画像1: 小松昭一さん(91)、小磯栄一さん(75)

小松昭一さん(91)
「つかない。この通り、つかない」

Q:まだ電気は通じていない?

「電気が通じるのはいつになるか分からない。今の時点では。」

 市は警戒区域内の電気、水道、ガスの復旧を進めていて、居住可能な住宅46棟のうち32棟は、1日までに復旧させましたが小松さんの家は電気工事が間に合っていませんでした。

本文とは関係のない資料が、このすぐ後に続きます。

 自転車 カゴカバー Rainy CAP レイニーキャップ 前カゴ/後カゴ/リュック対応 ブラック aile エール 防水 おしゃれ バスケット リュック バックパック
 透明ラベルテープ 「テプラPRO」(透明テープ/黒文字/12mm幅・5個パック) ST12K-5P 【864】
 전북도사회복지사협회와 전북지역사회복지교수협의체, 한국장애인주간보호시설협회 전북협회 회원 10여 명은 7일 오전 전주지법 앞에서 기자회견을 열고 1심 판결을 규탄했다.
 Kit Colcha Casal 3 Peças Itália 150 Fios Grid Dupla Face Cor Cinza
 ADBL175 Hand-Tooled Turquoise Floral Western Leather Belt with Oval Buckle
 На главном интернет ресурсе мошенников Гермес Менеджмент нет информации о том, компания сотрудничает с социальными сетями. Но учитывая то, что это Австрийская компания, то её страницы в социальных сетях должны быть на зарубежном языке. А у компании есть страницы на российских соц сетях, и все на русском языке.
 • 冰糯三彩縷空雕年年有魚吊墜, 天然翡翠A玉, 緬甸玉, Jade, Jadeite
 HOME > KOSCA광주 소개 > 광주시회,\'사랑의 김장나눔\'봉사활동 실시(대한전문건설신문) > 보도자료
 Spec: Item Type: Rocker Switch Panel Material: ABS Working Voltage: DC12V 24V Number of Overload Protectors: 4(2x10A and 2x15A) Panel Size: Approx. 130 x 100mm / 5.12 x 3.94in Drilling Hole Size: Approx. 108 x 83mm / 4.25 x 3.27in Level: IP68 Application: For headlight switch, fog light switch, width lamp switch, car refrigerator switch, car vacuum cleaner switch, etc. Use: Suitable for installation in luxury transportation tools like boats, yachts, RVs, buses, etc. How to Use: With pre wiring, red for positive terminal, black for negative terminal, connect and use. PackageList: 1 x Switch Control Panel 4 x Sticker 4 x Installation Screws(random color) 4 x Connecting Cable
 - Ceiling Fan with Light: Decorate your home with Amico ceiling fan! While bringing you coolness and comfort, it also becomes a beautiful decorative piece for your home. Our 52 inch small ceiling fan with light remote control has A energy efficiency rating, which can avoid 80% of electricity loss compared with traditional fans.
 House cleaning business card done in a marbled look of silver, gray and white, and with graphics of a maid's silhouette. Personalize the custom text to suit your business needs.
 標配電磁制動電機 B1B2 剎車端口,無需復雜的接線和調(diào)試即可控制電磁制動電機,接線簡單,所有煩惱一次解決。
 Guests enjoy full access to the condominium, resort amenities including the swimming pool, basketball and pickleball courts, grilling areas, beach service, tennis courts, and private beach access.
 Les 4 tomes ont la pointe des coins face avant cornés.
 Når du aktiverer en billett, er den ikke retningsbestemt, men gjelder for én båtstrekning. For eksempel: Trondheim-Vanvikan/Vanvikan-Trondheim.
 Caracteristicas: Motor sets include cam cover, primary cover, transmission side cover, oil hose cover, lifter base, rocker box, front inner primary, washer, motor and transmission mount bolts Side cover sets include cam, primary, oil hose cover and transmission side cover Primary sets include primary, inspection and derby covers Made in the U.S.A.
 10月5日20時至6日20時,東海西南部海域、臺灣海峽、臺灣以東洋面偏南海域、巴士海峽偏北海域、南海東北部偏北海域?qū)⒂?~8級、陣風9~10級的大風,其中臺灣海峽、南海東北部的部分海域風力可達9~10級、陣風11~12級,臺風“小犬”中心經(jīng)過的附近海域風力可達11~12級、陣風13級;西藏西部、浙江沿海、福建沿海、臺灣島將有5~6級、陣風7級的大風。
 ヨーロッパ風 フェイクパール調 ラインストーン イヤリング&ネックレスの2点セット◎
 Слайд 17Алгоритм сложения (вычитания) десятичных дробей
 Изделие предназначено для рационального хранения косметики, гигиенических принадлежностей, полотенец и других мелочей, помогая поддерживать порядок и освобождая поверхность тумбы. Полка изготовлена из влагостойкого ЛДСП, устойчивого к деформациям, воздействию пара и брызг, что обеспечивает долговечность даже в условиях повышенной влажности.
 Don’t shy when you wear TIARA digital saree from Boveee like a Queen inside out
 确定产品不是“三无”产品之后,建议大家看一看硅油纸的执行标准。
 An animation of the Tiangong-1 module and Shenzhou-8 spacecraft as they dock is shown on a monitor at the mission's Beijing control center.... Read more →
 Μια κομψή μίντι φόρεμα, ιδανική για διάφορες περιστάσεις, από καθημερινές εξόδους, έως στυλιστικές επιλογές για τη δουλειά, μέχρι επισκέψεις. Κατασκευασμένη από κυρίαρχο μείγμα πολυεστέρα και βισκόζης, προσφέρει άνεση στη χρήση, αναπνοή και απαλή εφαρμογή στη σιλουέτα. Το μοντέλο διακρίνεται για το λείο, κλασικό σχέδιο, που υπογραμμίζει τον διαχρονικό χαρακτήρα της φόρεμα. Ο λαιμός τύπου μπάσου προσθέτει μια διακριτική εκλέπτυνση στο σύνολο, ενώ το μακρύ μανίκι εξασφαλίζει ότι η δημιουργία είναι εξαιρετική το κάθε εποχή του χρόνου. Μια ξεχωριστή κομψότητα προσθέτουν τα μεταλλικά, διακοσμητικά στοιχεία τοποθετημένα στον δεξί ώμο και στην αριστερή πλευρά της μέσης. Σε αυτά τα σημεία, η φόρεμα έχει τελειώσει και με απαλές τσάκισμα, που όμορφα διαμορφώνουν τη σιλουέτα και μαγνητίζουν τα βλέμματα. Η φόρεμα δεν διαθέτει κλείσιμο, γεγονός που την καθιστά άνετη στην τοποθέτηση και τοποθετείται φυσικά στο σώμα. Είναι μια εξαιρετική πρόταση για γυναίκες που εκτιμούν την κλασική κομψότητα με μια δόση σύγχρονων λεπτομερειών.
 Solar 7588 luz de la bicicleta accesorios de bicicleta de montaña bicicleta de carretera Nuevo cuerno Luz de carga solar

画像2: 小松昭一さん(91)、小磯栄一さん(75)

小松昭一さん(91)
「まだ電気の復旧工事が終わっていないので、そう簡単には喜べないですど、家に帰れたら、この住み慣れた土地で、余生を私たち夫婦と共に、90歳を過ぎているので、ですから静かに楽しく生活をしたいなと思っている。」

 小松さんの近く小磯栄一さんの自宅は、既に電気が復旧しています。

小磯栄一さん(75) 

 ただ、2年という月日で新たに修復が必要な箇所も出てきたといいます。

Q:これからどんな作業を?

画像3: 小松昭一さん(91)、小磯栄一さん(75)

小磯栄一さん(75)
「床の張替え、2枚、2部屋。ていうのはいない間に雨漏りしちゃったんですよ、ベランダから。家も古いから溢れちゃって。で、伝わって電気のところに来てしまったので、漏電が一番心配だったので、それはクリアしたから。電気繋いだからこっちはもう作業できるので、今週あたりから大工さんとか防水をするとか、ベランダに屋根を付けようと思って」

 帰宅が可能となっても、住める状況になるまでには、まだまだ時間がかかり、引っ越しは10月になりそうだということです。

小磯栄一さん(75) 
「本当は早く帰りたいんだけど、ちょっとなかなか難しいよ。家内は帰りたくないって言ってるし、現場が見えちゃうから。あそこアパートのところが、帰りたくないって。」

画像4: 小松昭一さん(91)、小磯栄一さん(75)

 現在の避難者数は、100世帯、180人。
そのうち41世帯、82人が帰還する意向を持っていて、年度内には19世帯39人が、生活を再開する予定です。